Thrombolysis group (T): 37°C body core temperature, rt-PA 1.5 h after TE (n = 12).
Hypothermia group (H): 34°C induced 1.5 h after TE and maintained for 4.5 h (n = 12).
Combination group (TH): 34°C induced 1.5 h after TE and maintained for 4.5 h plus rt-PA 1.5 h after TE (n = 12).
General anaesthesia and monitoring of vital signs
Animals were anesthetized using a mixture of halothane (Halocarbon laboratories), oxygen 30% and N2O (70%). Minimum alveolar concentrations were corrected for the actual body temperature. A polyethylene-catheter (PE-50; Neolab, Heidelberg, Germany) in the right femoral artery was used for continuous monitoring of blood pressure, heart frequency, and blood gases during the experiment as well as blood sampling for measuring blood protein levels. The right femoral vein was cannulated for administration of rt-PA, placebo or contrast agent (Magnevist).

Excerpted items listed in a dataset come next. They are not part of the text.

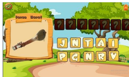
Gambar 10. Halaman Game

Halaman Game Susun Huruf adalah halaman dimana pengguna mengerjakan game susun huruf yang dimana game tersebut dimainkan dengan cara di tarik hurufnya ke bagian kotak berwarna hitam yang disediakan pada media pembelajaran, berisikan tombol home untuk kembali ke halaman menu pilihan, serta tombol sound on/off musik.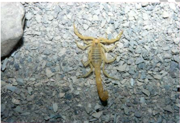
شکل ۲ عقرب ماده Buthacus leptochelys

می رسد. رنگ بدن در سطح پشتی زرد کم رنگ تا کدر اما اعضای آن روشن تر است. سپر سری (کاراپاس) بدون گرانول و بر حسب فرم محلی صاف یا با گرانولهای پراکنده، چشمهای جانبی کوچک است. تعداد دندانهای شانه در نرها ۳۰-۳۲ و در ماده ها ۲۵-۲۷ عدد می باشد (شکل ۲).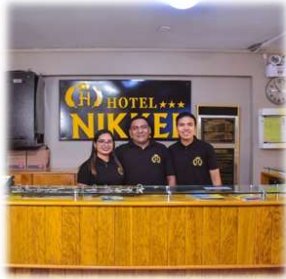
Equipo de trabajo del HOTEL NIKKEI S.A.C

El Hotel Nikkei abrió sus puertas con la finalidad de brindar el servicio de alojamiento y restaurant al público en general, busca tener un buen servicio y una variedad de platos exquisitos de todas las regiones, en especial los platos de nuestra querida Región.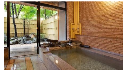
一笑(いっしょう・檜造り)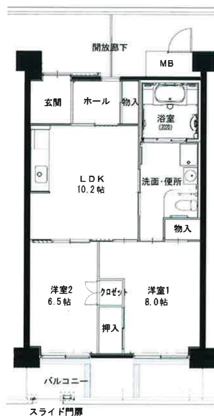
● 車イス2LDK : 62㎡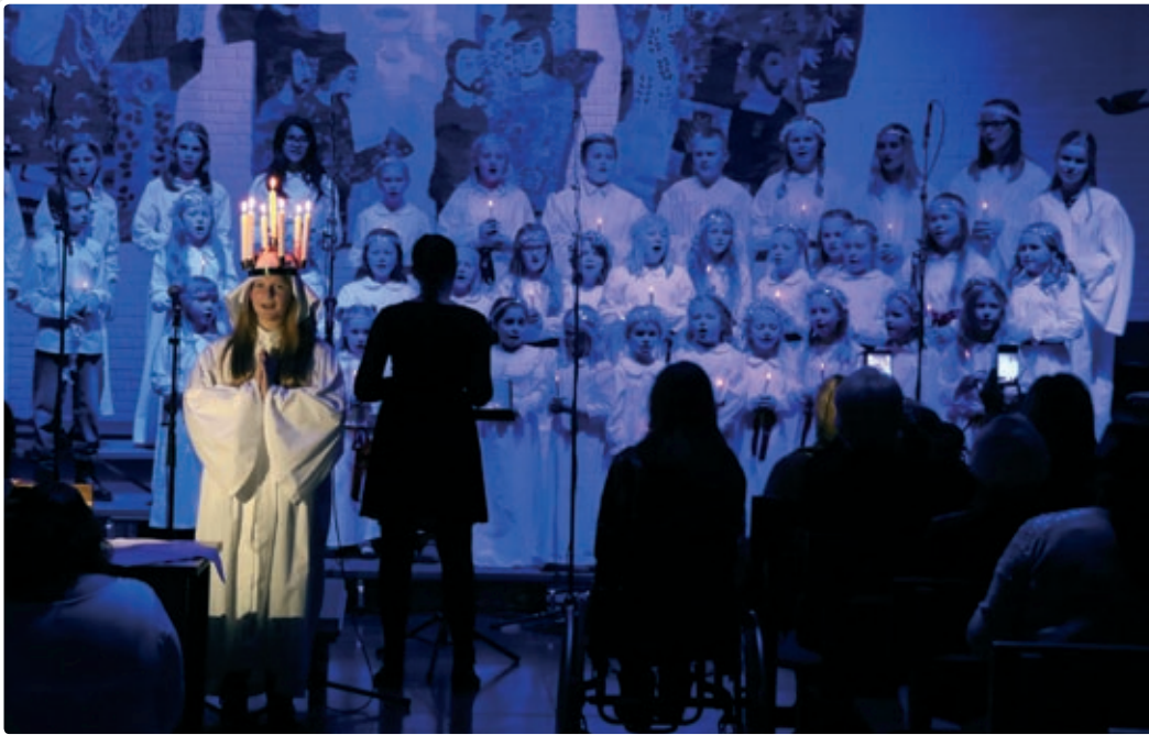
Adventstidens høydepunkt er Lucia-konsert med NaBaGo og NaBaGo Pluss.

Thromboembolic stroke model
For induction of TE, the right common carotid (CCA), internal carotid (ICA), and external carotid arteries (ECA) were exposed, and further dissection identified the origin of the pterygopalatine artery (PPA). The ECA and the PPA were permanently ligated, while the CCA was only temporarily clipped for embolization. A PE 50 catheter was inserted into the ECA proximal to its ligation, and 12 red blood clots (each 0.35 mm in diameter and 2 mm in length) were injected at the origin of the right middle cerebral artery (MCA).

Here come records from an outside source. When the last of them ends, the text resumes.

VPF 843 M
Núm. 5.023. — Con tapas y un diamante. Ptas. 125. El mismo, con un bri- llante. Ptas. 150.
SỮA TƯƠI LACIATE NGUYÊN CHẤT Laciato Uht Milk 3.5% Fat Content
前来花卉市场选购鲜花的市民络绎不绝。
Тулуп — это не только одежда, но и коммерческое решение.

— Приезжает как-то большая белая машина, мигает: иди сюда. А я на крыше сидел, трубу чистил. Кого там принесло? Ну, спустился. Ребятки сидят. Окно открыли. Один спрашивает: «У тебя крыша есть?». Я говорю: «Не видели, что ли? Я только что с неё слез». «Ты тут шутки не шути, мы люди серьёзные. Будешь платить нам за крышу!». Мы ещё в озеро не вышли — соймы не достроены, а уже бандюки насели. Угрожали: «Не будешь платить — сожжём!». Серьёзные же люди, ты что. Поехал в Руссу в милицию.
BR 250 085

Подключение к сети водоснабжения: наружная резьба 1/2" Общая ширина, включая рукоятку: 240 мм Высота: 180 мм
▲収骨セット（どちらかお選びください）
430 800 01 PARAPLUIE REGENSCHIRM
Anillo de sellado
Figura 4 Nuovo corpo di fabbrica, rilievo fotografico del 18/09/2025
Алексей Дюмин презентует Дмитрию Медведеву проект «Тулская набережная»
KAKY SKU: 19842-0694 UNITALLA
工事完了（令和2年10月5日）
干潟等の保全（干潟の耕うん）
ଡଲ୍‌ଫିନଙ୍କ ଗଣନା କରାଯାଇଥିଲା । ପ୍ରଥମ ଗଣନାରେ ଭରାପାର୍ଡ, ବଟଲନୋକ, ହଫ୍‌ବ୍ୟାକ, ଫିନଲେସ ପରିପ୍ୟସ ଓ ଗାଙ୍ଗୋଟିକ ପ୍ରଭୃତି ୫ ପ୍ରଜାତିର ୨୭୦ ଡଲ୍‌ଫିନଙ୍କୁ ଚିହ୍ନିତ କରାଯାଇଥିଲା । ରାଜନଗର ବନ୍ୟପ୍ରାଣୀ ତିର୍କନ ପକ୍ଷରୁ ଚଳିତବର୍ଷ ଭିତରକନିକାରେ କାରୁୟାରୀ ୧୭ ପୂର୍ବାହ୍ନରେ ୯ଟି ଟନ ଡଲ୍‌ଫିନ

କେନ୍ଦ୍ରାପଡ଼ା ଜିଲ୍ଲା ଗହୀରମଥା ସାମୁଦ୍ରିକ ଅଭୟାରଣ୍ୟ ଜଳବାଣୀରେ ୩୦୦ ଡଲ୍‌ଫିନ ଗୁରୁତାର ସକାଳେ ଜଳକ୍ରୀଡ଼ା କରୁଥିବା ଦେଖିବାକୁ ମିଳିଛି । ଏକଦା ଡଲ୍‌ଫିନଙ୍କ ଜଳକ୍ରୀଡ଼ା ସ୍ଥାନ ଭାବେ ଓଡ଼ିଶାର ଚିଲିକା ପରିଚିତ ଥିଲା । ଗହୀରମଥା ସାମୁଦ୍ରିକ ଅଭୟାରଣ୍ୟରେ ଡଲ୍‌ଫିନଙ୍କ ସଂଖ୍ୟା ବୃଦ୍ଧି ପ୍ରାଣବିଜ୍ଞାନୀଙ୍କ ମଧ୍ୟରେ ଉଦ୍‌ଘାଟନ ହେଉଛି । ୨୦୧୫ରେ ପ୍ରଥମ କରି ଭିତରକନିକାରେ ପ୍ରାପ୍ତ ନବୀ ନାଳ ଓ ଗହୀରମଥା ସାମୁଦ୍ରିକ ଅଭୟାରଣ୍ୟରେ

Rectal temperature was regulated by a thermostatically controlled heating pad (Foehr Medical Instruments, Seeheim-Jugenheim, Germany). A rectal probe was inserted 4 cm into the rectum to measure the actual body core temperature. Prior experimental data indicated that the body core temperature correlates to intracranial and pericranial temperature during normothermia and therapeutic hypothermia . In normothermic rats, a target rectal temperature of 37°C was achieved by setting the heating pad to 37°C. For induction of therapeutic hypothermia, the animals were externally cooled by cooling pads attached to the abdomen of the animal in the prone position, until a temperature of 34.5°C was reached. Thereafter, cooling pads were removed from abdomen and the heating pad was set to 34°C. Within approximately 2-5 min, the animal reached 34°C which was maintained via the heating pad for the entire cooling period. The Optimal temperature of 34°C of body temperature for effective treatment of experimental stroke has been described in our laboratory and cooling of the animals was performed as described in this previous study . Rewarming was performed by setting the heating pad to the desired target temperature of 37°C. The rewarming procedure took approximately 30 min.

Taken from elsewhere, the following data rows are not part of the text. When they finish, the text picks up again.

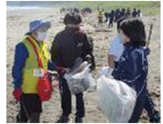
地域の方々との交流、協働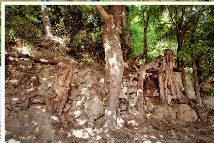
Vincent van Gogh, Les Racines , 27 juli 1890. Collectie Van Gogh Museum, Amsterdam. In de inzet: de exacte locatie, 130 jaar later.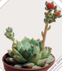
W78 echeveria darentbergii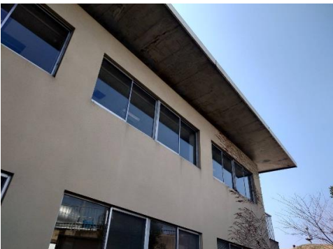
国立県営兵庫障害者職業能力開発校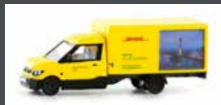
LC4561 STREETSCOOTER WORK-L "DHL DÜSSELDORF" 1:160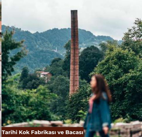
Tarihi Kok Fabrikası ve Bacası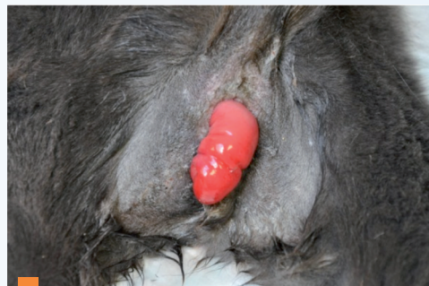
1 Prolapsus rectal chez un chat - Noter l'aspect tubulaire, signifiant que toute l'épaisseur de la paroi du rectum est extériorisée.

● Les animaux présentés pour prolapsus anal ont une muqueuse rouge et gonflée qui fait protrusion par l'anus après la défécation.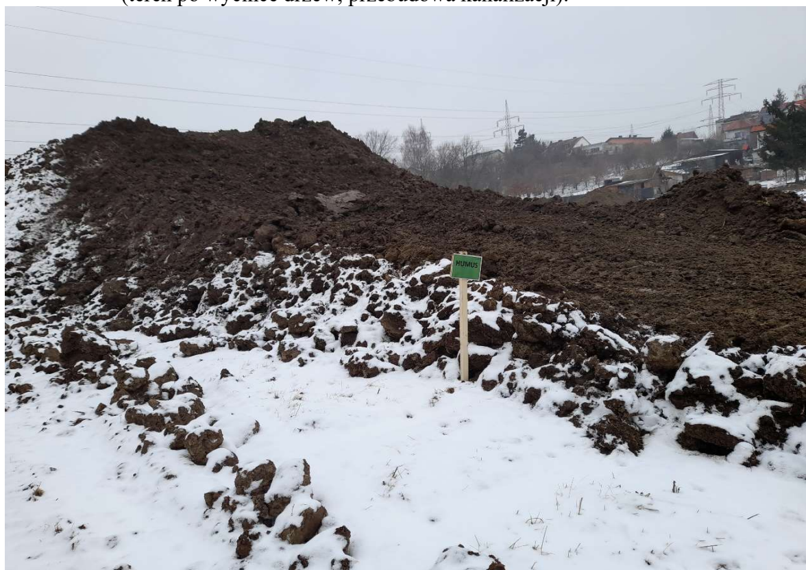
Foto. 4. Zbiornik Malinówka 1 , druga dekada stycznia 2022 r. (formowanie pryzmy humusu, oznakowanie pryzmy).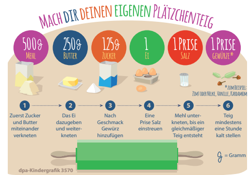
Seite 16 Kinderseite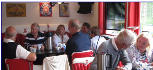
Og bevertning ble det også.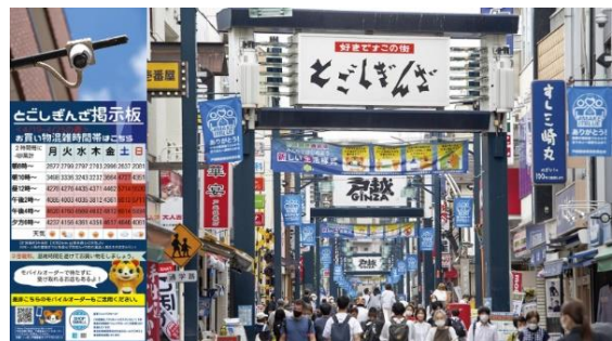
「電子回覧板とAI活用による人流分析」 (品川区商店街連合会/東京都品川区)

参考：株式会社全国商店街支援センター https://www.syoutengai-shien.com/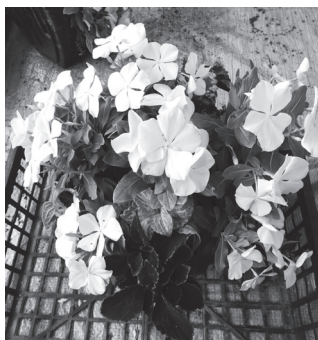
【季節の花の寄せ植え】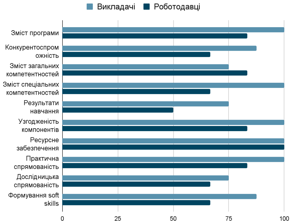
Рис. 4. Оцінювання змістової складової за параметрами освітньо-професійної програми 035.065.01 «Мова і література (китайська)» викладачами та роботодавцями

Результати оцінювання дають змогу узагальнити наступне.

For thrombolysis, rt-PA (Boehringer Ingelheim, Germany) 10 mg/kg body weight was injected 1.5 hours after induction of TE as previously described .
Removal of brain tissue
Twenty-four hours after MCAO, rats were sacrificed by an overdose of ketamine (10%) and xylazine hydrochloride (100 mg/kg body weight). After decapitation, brains were rapidly removed, frozen in isopentane at -20°C, and stored until use at -80°C.